(The data)
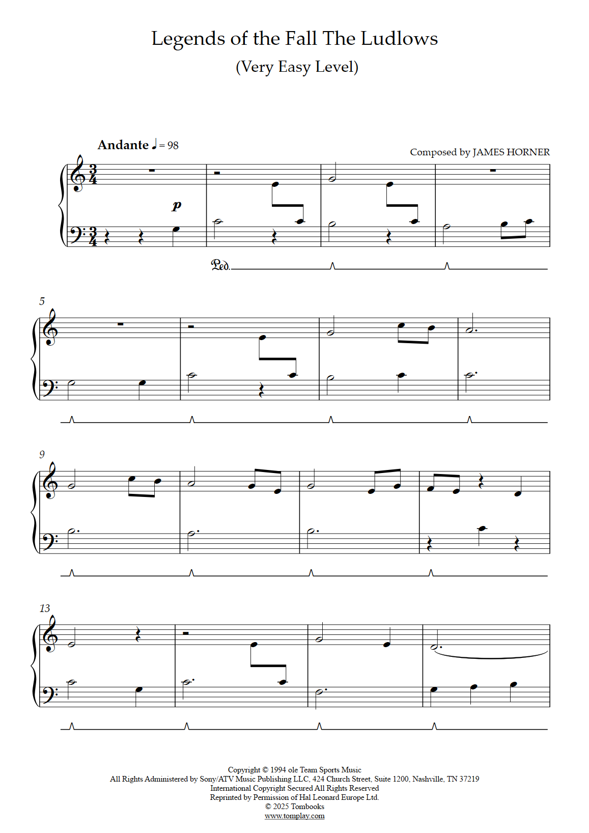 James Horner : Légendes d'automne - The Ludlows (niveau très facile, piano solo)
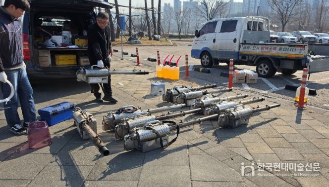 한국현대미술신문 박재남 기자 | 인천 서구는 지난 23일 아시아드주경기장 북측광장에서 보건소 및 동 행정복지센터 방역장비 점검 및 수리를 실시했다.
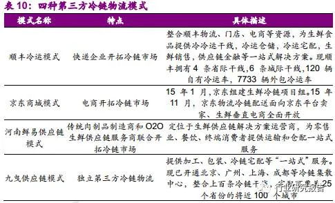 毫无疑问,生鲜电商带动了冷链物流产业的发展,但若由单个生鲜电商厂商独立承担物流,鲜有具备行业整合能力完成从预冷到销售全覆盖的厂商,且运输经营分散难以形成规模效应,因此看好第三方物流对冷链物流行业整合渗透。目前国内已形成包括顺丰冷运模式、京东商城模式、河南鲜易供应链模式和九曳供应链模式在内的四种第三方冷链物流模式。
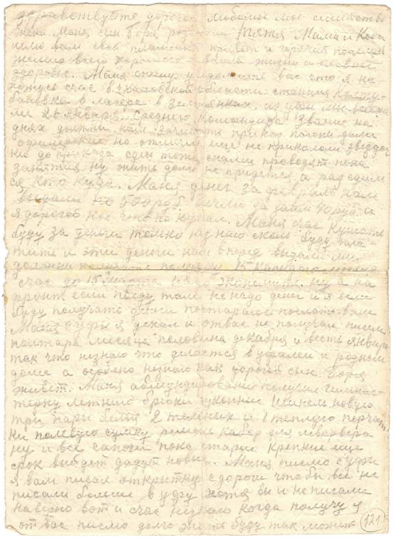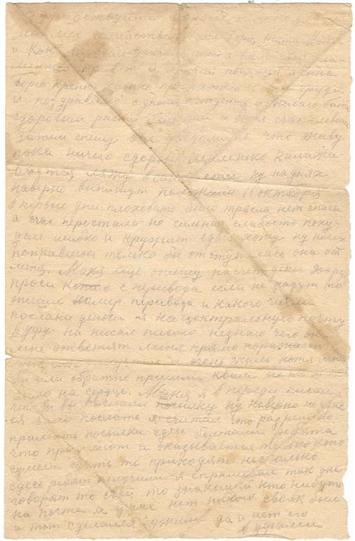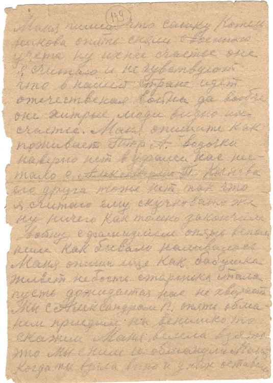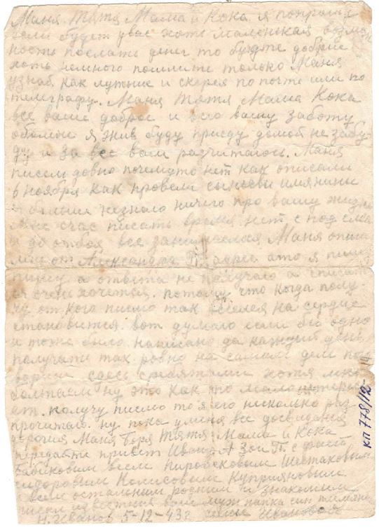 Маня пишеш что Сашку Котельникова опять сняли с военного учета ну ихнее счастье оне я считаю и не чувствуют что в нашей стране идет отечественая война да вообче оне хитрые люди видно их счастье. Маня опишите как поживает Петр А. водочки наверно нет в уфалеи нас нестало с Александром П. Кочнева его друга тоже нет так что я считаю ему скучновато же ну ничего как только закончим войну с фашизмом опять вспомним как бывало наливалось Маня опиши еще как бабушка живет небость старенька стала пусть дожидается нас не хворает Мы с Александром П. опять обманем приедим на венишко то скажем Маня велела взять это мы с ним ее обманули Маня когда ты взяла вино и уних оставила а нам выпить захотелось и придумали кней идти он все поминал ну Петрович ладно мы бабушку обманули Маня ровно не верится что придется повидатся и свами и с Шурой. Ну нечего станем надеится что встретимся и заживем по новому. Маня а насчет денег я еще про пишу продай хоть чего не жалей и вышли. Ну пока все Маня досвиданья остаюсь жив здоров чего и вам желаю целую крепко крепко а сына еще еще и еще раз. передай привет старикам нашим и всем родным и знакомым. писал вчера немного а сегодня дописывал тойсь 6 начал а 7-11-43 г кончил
==
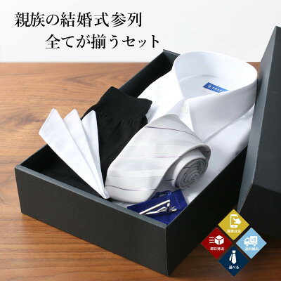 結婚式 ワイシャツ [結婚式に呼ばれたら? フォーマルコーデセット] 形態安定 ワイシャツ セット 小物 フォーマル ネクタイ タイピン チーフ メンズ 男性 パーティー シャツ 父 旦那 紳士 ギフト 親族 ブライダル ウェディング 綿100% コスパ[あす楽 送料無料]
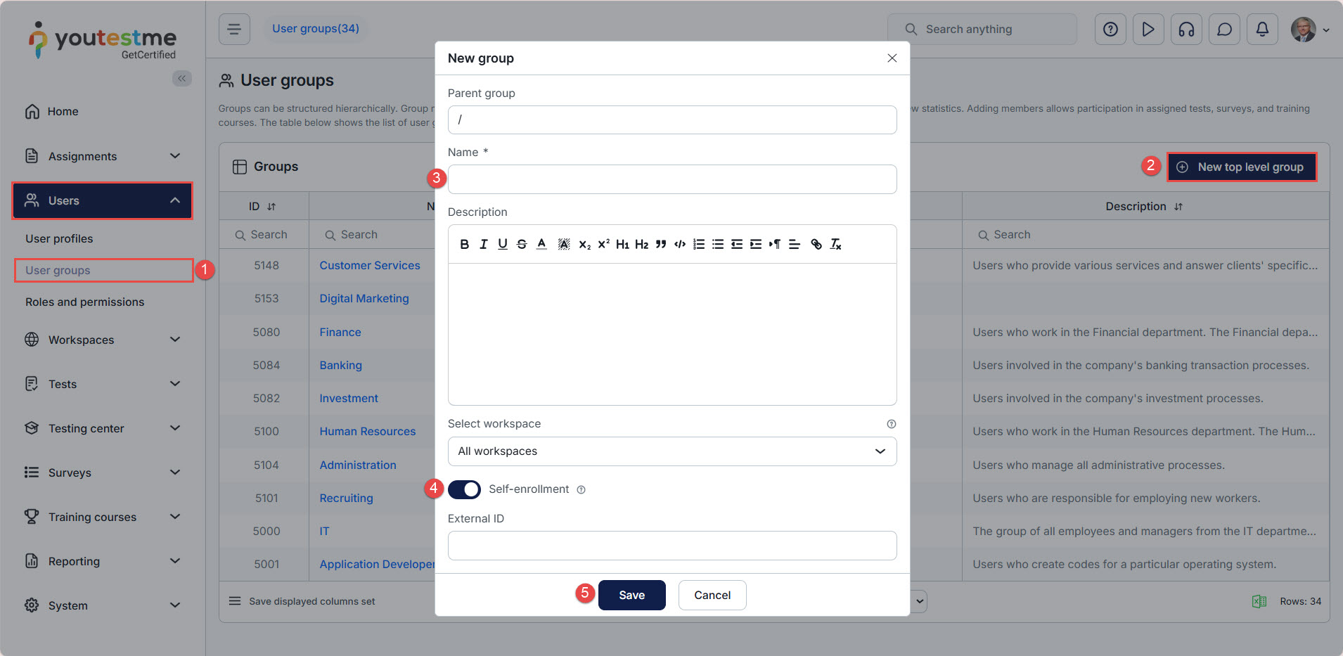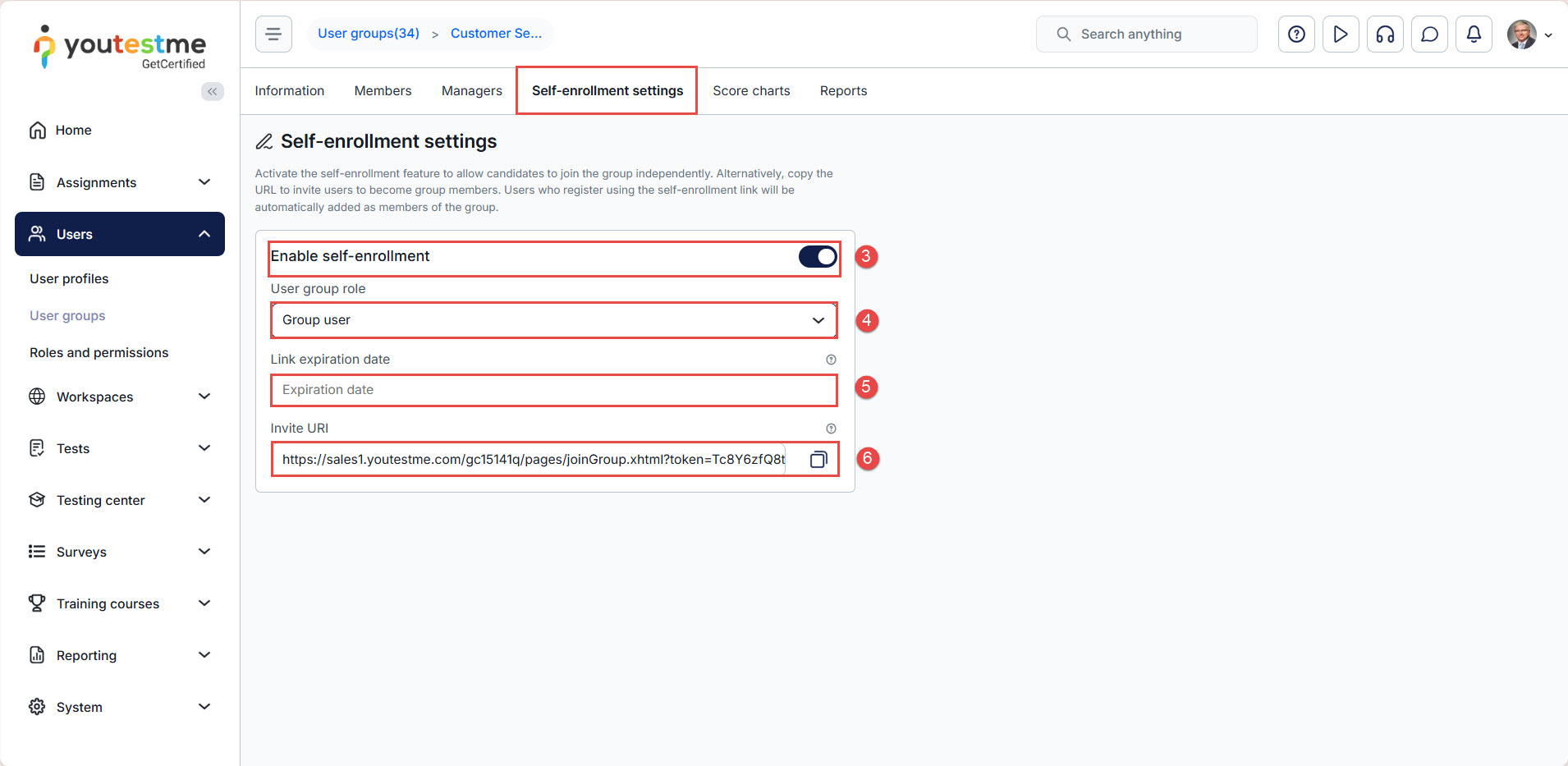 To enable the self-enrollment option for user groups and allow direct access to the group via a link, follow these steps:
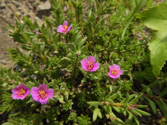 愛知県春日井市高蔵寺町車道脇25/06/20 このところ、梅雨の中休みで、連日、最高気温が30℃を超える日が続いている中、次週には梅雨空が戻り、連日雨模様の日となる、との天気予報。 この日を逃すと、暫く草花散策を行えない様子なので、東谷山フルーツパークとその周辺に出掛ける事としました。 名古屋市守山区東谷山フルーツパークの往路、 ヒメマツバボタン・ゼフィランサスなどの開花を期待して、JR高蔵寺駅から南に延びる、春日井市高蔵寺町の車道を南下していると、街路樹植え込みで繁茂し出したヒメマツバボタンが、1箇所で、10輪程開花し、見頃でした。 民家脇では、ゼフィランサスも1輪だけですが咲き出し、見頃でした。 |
...
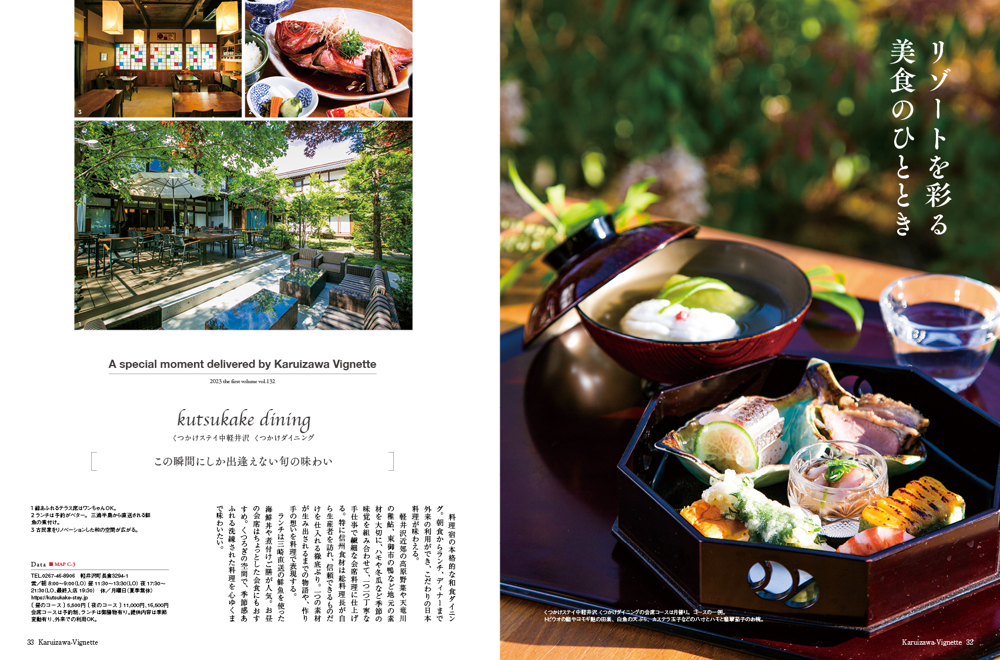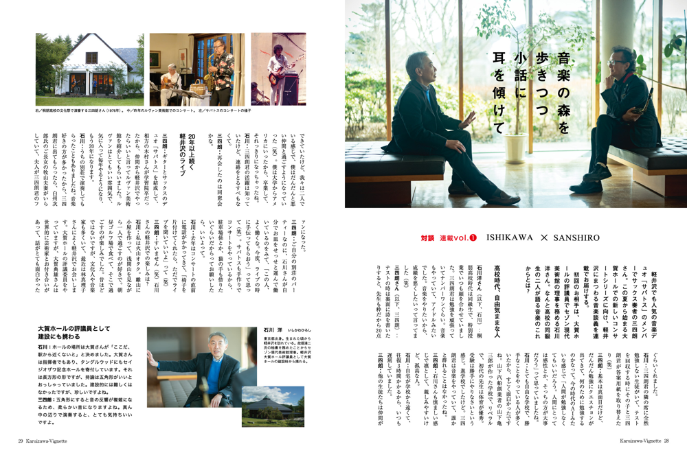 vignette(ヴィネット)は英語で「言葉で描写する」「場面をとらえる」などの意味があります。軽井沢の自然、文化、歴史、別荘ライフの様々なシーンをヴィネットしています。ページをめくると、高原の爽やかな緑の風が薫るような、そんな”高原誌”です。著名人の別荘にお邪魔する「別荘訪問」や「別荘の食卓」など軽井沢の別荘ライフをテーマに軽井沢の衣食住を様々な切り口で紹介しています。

(Problem details)
Copy needed, without pictures: the lines of the listing above from the line containing "James Horner : Légendes" up to and including the line containing "毫无疑问,生鲜电商带动了冷链", set down exactly.

(Solution)
 James Horner : Légendes d'automne - The Ludlows (niveau très facile, piano solo)
 한국현대미술신문 박재남 기자 | 인천 서구는 지난 23일 아시아드주경기장 북측광장에서 보건소 및 동 행정복지센터 방역장비 점검 및 수리를 실시했다.
 毫无疑问,生鲜电商带动了冷链物流产业的发展,但若由单个生鲜电商厂商独立承担物流,鲜有具备行业整合能力完成从预冷到销售全覆盖的厂商,且运输经营分散难以形成规模效应,因此看好第三方物流对冷链物流行业整合渗透。目前国内已形成包括顺丰冷运模式、京东商城模式、河南鲜易供应链模式和九曳供应链模式在内的四种第三方冷链物流模式。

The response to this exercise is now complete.